После войны он некоторое время прослужил вертухаем и еще много лет гордился умением с первого взгляда выделять в любой толпе отсидевших по 58-й, потом окончил партшколу и неровными шагами двинулся по партийной линии, перешедшей в не слишком высокую служебную лестницу.
4.
На Светика папаша возлагал большие надежды, и тот поначалу их оправдывал, поскольку рос пионером и круглым отличником.
Однажды, классе в пятом, Светик обнаружил, что в мире нет ничего точного, поскольку каждую единицу меры можно разбить на меньшие — и так без конца, вследствие чего все величины и все расчеты приблизительны. Это так поразило его, что он позвал приятеля и стал излагать ему теорию безграничной делимости материи. Тот не согласился. Во время философского диспута домой вернулся отец.
— Нет, говоришь, ничего точного? — переспросил папаша. — Неправда! Распоряжения нашей партии и правительства исполняются совершенно точно!
Светик не нашелся, что возразить, но почувствовал, что аргумент был ниже пояса.
Тем не менее, по инерции он еще обращался к отцу с вопросами, отвечать на которые тому становилось все сложнее и неприятнее. Решив разом сбросить тяжесть, он послал сына к первоисточникам, где можно найти ответ на все сомнения и подозрения, которые не должны возникать у советского человека.
Светик добросовестно изучил имевшиеся в библиотеке труды трех классиков (четвертый к тому времени уже был предан анафеме, добраться до него было сложнее). Вероятно, он был единственным в мире человеком, который прочел все эти плоды немецкой учености, еврейского вдохновения, русской мечтательности и революционного дуболомства.
Чтение основоположников было единственным последовательным чтением в Светиковой жизни, и чтение это имело ошеломительный для папаши эффект. Дочитав последний том, сын с месяц переваривал прочитанное и в один злополучный вечер выложил отцу все, что наварил. Тот ничего не понял в закоулистой аргументации, но тон и выводы не оставляли никакого места для сомнений: перед ним стоял законченный враг народа, матерый антисоветчик и ярый антикоммунист. Поначалу папаша все же попытался опровергнуть Светика, но это было все равно, что с трехлинейкой опровергать пулемет: усталая советская демагогия вдребезги разлеталась под напором поставленной на голову гегелевской диалектики, и папаша потянулся к доводам позабористее, а затем и поматериальнее, что роковым образом сказалось на сыновнем чувстве: Светик так и не смог забыть поднятой на него руки.
Еще лет через пять, в одну из бешеных ссор, когда пьяный отец заорал, что немедленно пойдет куда надо и сдаст сына, Светик ядовито бросил ему, что тот сам виноват: нужно было посылать сперва к «Краткому курсу истории КПСС», а уж затем к классикам, причем в обратном порядке, и тогда его сын был бы не кандидатом на скамью подсудимых, а кандидатом в ЦК ВЛКСМ или, на худой конец, кандидатом глубоко философских наук.

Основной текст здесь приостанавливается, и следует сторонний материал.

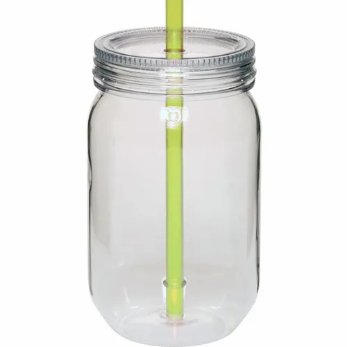 24 oz. Single Wall Plastic Mason Jars. AS Plastic Material. With Screw-on Lid and Straw. Hand Wash Only. Note: Do not microwave

Надо отдать папаше должное — он так никогда и не осуществил своей угрозы, невольно показав, что кровные узы для него были все же важнее товарищеских и что многолетняя партобработка не уничтожила его природной крестьянской основы. Знай он, что своим примером опровергает сразу два главных положения великого учения Лысенко — о том, что приобретенные признаки наследуются и что воспитание сильней наследственности, он бы, скорее всего, застрелился.
5.
Чтение классиков много поспособствовало развитию Светикова полемического дара: он замечательно умел выбрать слабое или больное место оппонента и язвить его до тех пор, пока оно не начинало пускать метастазы по всей совокупности убеждений. То же самое он проделывал не только ad hominem, но и ad rem, находя логическую щель в укрепленной позиции собеседника, бессознательно залепленную мифологемами, и вбивал в нее клинья до тех пор, пока не разваливалось все здание.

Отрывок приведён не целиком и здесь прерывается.